I think about this in respect to the domino theory. If we don't fight the communists in Vietnam.... If we don't fight the Russians in Ukraine, our allies in NATO won't be safe. Russia will invade other European countries...I heard Niall Ferguson make this argument as a criticism of John Meirsheimer. And "no one will believe that we will defend Taiwan." Meirsheimer's position on Ukraine was that we unwisely provoked the war with Russia over Ukraine. It wasn't a vital US national interest. But ironically, in Mearsheimer's view as well as others in the US, a domino type theory is applied to Taiwan because of its great strategic significance in containing China within the so called first island chain. If we don't defend Taiwan from mainland China our allies in East Asia will lose faith in our commitment to defend them from China. China's warships will roam the world's seas. He also has a view similar to "it's better to fight them over there" with "six thousand miles of ocean to protect us."

In all these rationalizations it's simply presumed China is the bully and the aggressor that we are defending against to preserve our national interests. War is human nature, I heard this explanation today from another historian. This conflict with China purportedly is inevitable because of "theories." I think another theory in use in fact is the MacKinder theory of the heartland, in Eurasia, the world island. It must be controlled. This is another imperial theory. The fact is control of Japan, Taiwan, the Philippines, the SCS, the Malacca Straits, etc., is necessary for the US to contain or strangle China for our own national defense. (Mahan).

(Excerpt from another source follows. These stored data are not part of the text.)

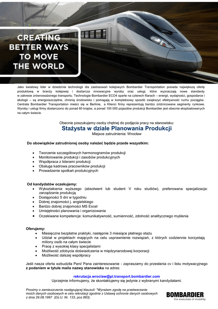 Jako światowy lider w dziedzinie technologii dla zastosowań kolejowych Bombardier Transportation posiada największą ofertę produktową w branży kolejowej i dostarcza innowacyjne wyroby oraz usługi, które wyznaczają nowe standardy w zakresie zrównoważonego transportu. Technologie Bombardier ECO4 oparte na czterech filarach – energii, wydajności, gospodarce i ekologii – są energooszczędne, chronią środowisko i pomagają w kompleksowy sposób zwiększyć efektywność ruchu pociągów. Centrala Bombardier Transportation mieści się w Berlinie, a Klienci firmy reprezentują bardzo zróżnicowane segmenty rynkowe. Wyroby i usługi firmy dostarczono do ponad 60 krajów, a ponad 100 000 pojazdów produkcji Bombardier jest obecnie eksploatowanych na całym świecie. Obecnie poszukujemy osoby chętnej do podjęcia pracy na stanowisku: Stażysta w dziale Planowania Produkcji Miejsce zatrudnienia: Wrocław Do obowiązków zatrudnionej osoby należeć będzie przede wszystkim: Tworzenie szczegółowych harmonogramów produkcji Monitorowanie produkcji i zasobów produkcyjnych Współpraca z liderami produkcji Obsługa kadrowa pracowników produkcji Prowadzenie spotkań produkcyjnych Od kandydatów oczekujemy: Wykształcenia wyższego (absolwent lub student V roku studiów), preferowana specjalizacja: zarządzanie produkcją Dostępności 5 dni w tygodniu Dobrej znajomości j. angielskiego Bardzo dobrej znajomości MS Excel Umiejętności planowania i organizowania Oczekiwane kompetencje: komunikatywność, sumienność, zdolność analitycznego myślenia Oferujemy: Miesięczne bezpłatne praktyki, następnie 3 miesiące płatnego stażu Udział w projektach mających na celu usprawnienie rozwiązań, z których codziennie korzystają miliony osób na całym świecie Pracę z wysokiej klasy specjalistami Możliwość zdobycia doświadczenia w międzynarodowej korporacji Możliwość dalszej współpracy Jeśli nasza oferta wzbudziła Pani/ Pana zainteresowanie - zapraszamy do przesłania cv i listu motywacyjnego z podaniem w tytule maila nazwy stanowiska na adres: [email protected] Uprzejmie informujemy, że skontaktujemy się jedynie z wybranymi kandydatami. Prosimy o zamieszczenie następującej klauzuli: "Wyrażam zgodę na przetwarzanie moich danych osobowych w celu rekrutacji zgodnie z Ustawą ochronie danych osobowych z dnia 29.08.1997 (Dz.U. Nr. 133, poz 883).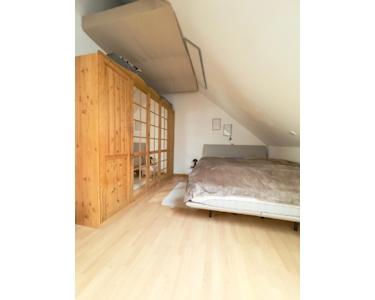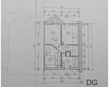 Im Dachgeschoss stehen ein Elternschlafzimmer, mit abgehängter Decke für Stauraum, sowie zwei weitere Zimmer ( aktuell mit Durchgang ) und ein Bad mit Dusche, Badewanne und zwei Einbau-Waschbecken und ein kleiner Dachboden zur Verfügung.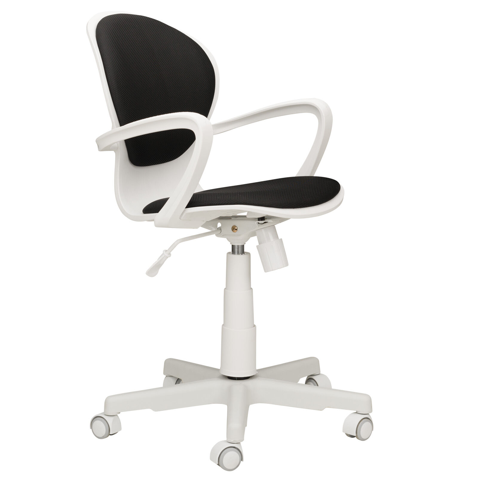 Кресло компьютерное детское «Вальтер-П пл.белый-TW черный». Механизм качания TopGun. Цельнолитая крестовина из пластика. Пластиковые подлокотники. Газпатрон 3-й категории стабильности по DIN 4550. Ролики стандарт BIFMA 5.1 (США), диаметр штока 11 мм, материал - нейлон. «Мебель поставляется в разобранном виде».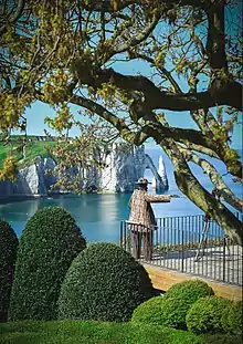 Thébault was friends with French painter Claude Monet, who regularly came to the gardens to paint.[9] Inspired by the Étretat cliffs, Monet created his painting series Les Falaises à Étretat, whilst inspiring Thébault to create an avant-garde garden at the clifftop.[10] A vine sculpture on the terrace of the garden pays tribute to Monet's influence.[9] It depicts the painter working on his "Coucher de soleil à Etretat" painting.[11]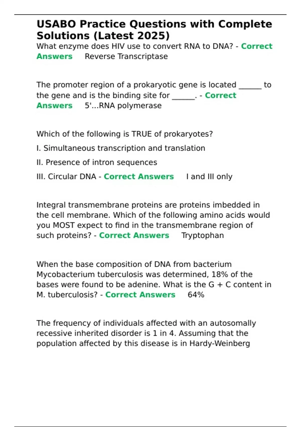 ,USABO Practice Questions with Complete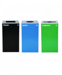Set of 3, 29 gal Cans-Includes one blue Mixed Recycling Can with Circle Lid, one green Compost Can with Mixed Lid and one black Trash Can with Square Lid.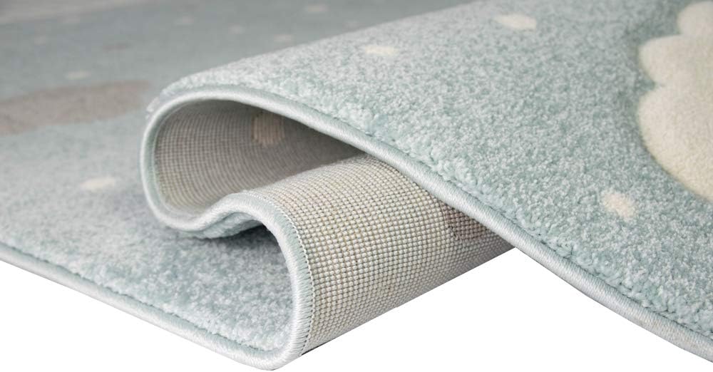Merinos Teppich für Kinder mit Wolken Spielteppich in Blau Grösse 120 cm Rund, 120 cm Rund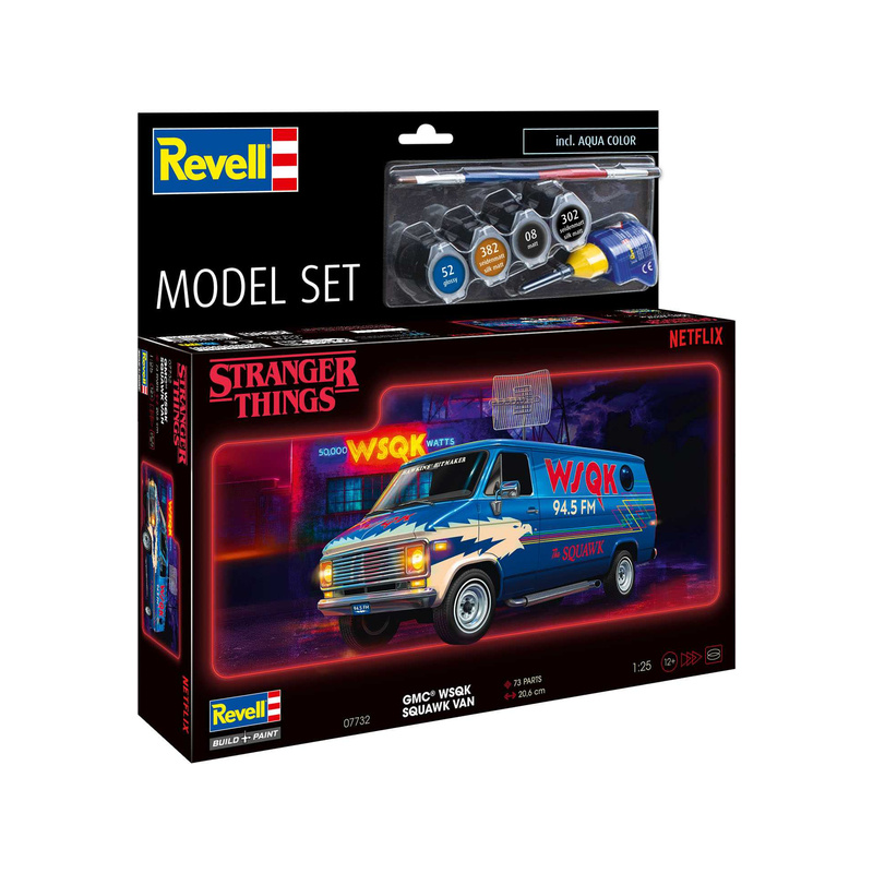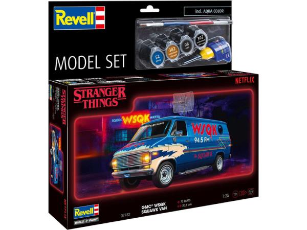 Revell plastikový model auta Stranger Things - GMC® WSQK Squawk Van v měřítku 1:25 ke slepení. Stavebnice obsahuje 73 dílků, obtížnost 3.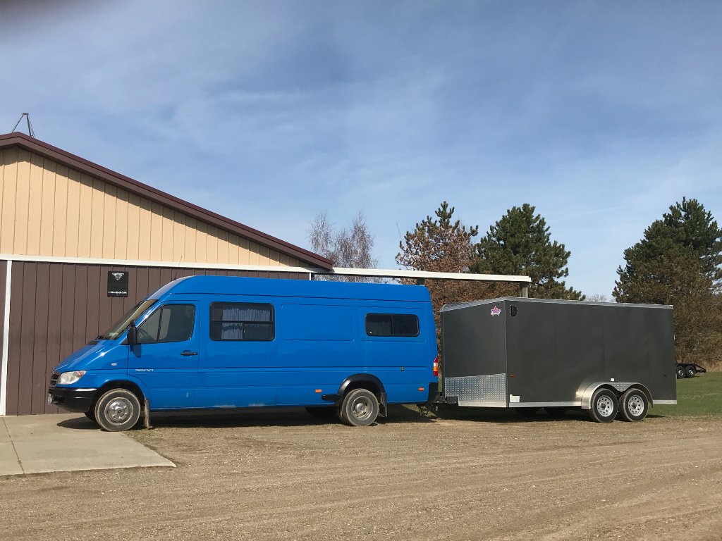 Whoa! A Sprinter is not a tow vehicle? I beg to differ. I have a 2006, 3500 diesel Sprinter (one ton, dually wheels) that I've towed with for years. True, I'm not pulling a load like freighter Jim frequently does but it handles my enclosed tandem trailer and 1917 Touring like it's hardly there. I still get 17-18 mpg and I have the camper van to sleep in if I wish. The combined weight of the trailer and touring is under 3600 pounds. Even lightly loaded the Sprinter is double the weight of the trailer and Model T so you have great control. If you are only bringing one car back I wouldn't rule it out as an option.
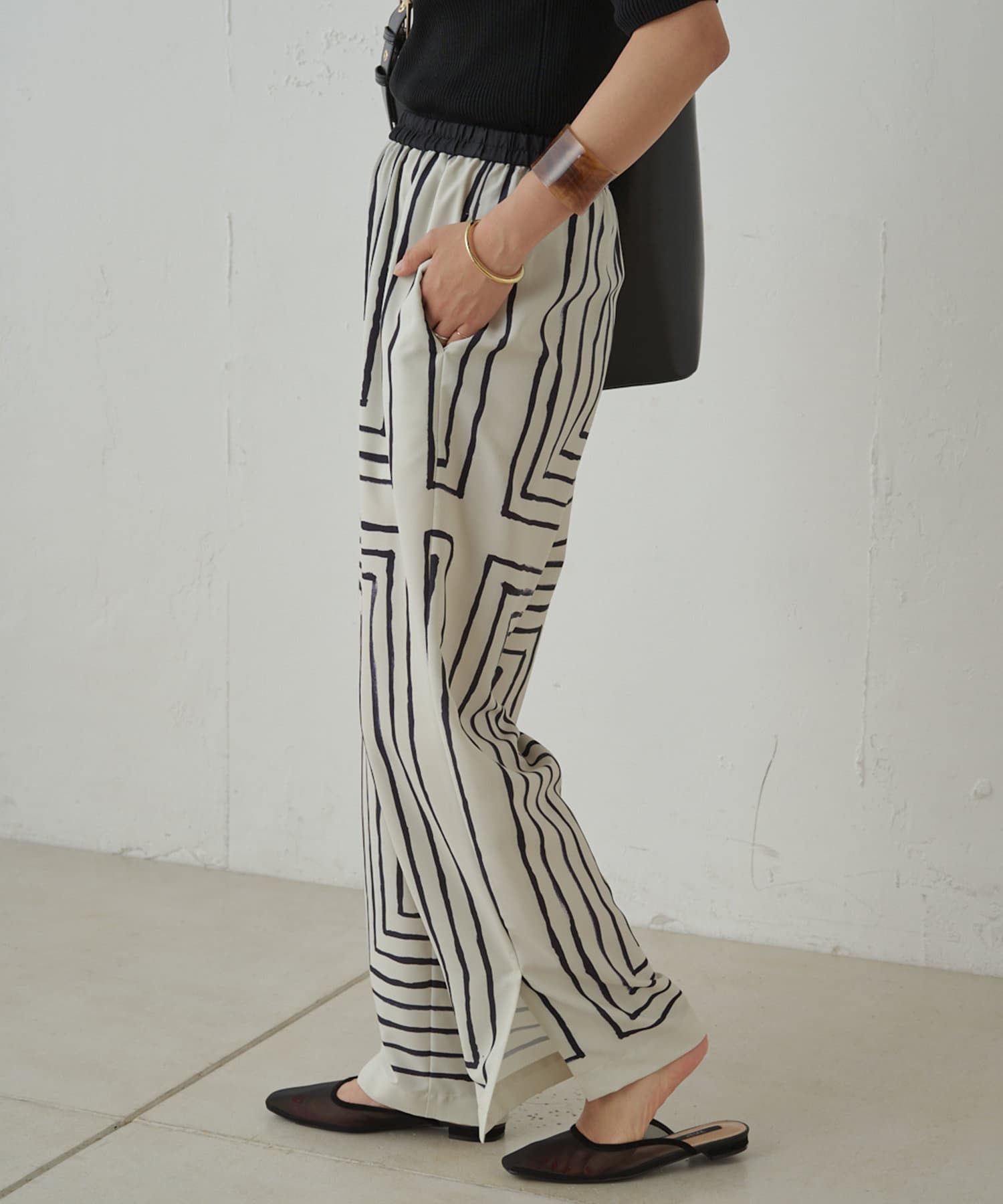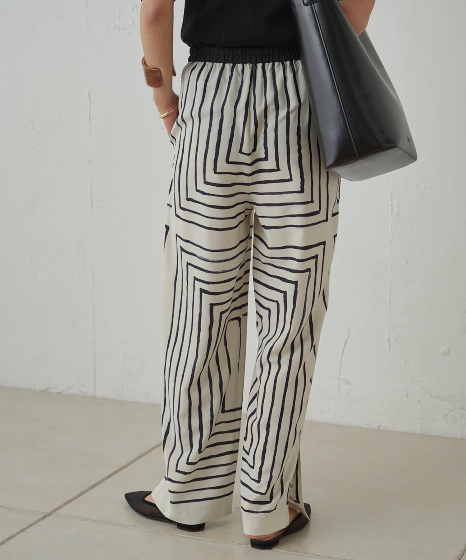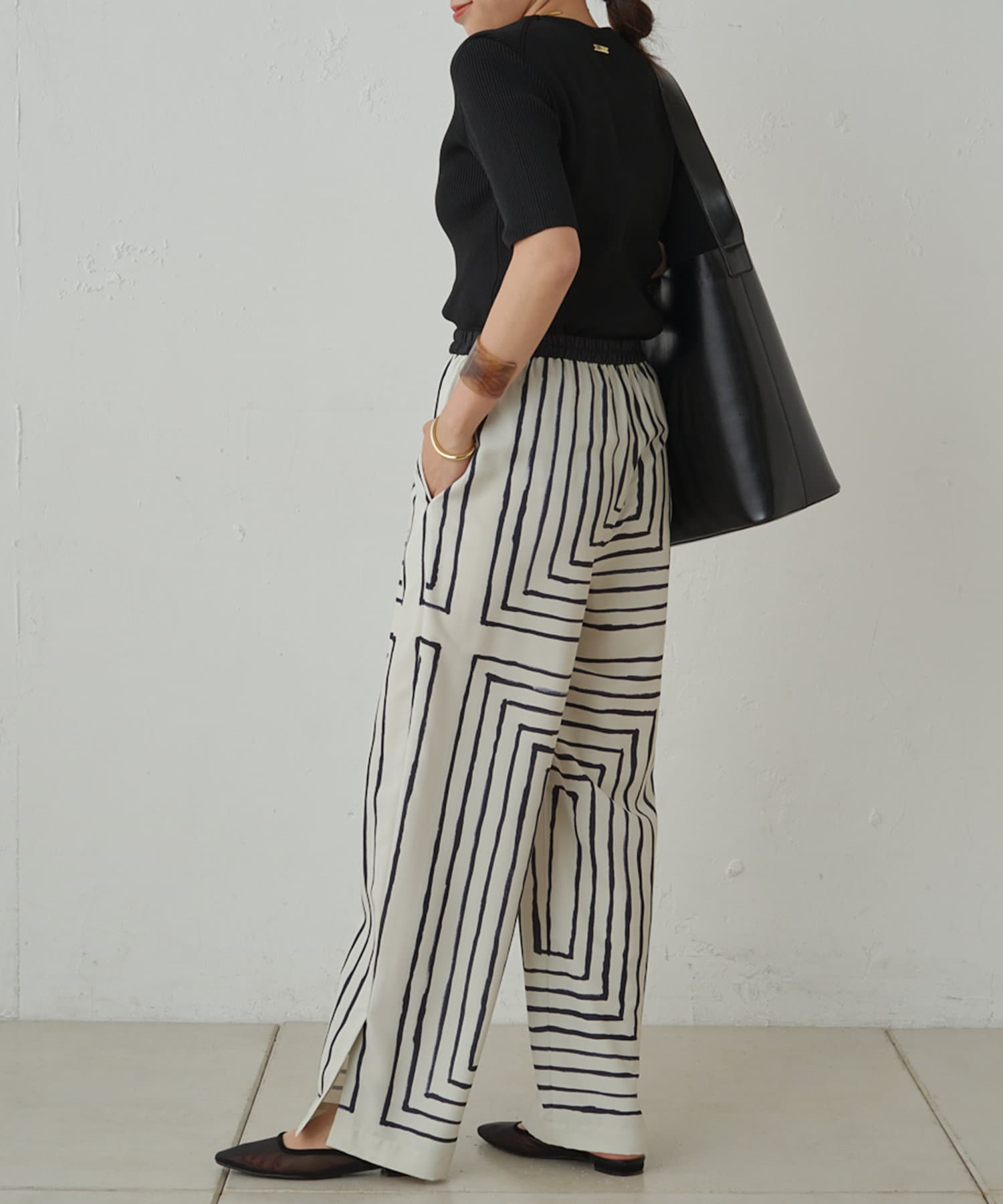 ウエストゴム仕様のイージーなシルエットに今年らしく裾にベンツ仕様のスリットを施しています。

Disregard for the moment that separating China from its parts has been the work of the west for the better part of two centuries. It's nothing the west or Japan did that resulted in long term occupation of major parts of China. The residual occupations after WWII by the US and its allies in Korea, Japan, Taiwan, Vietnam, the Philippines and Hong Kong were ostensibly benevolent in nature. Certainly the west never encouraged terrorism in Xinjiang or Tibet. It's China that's the bully.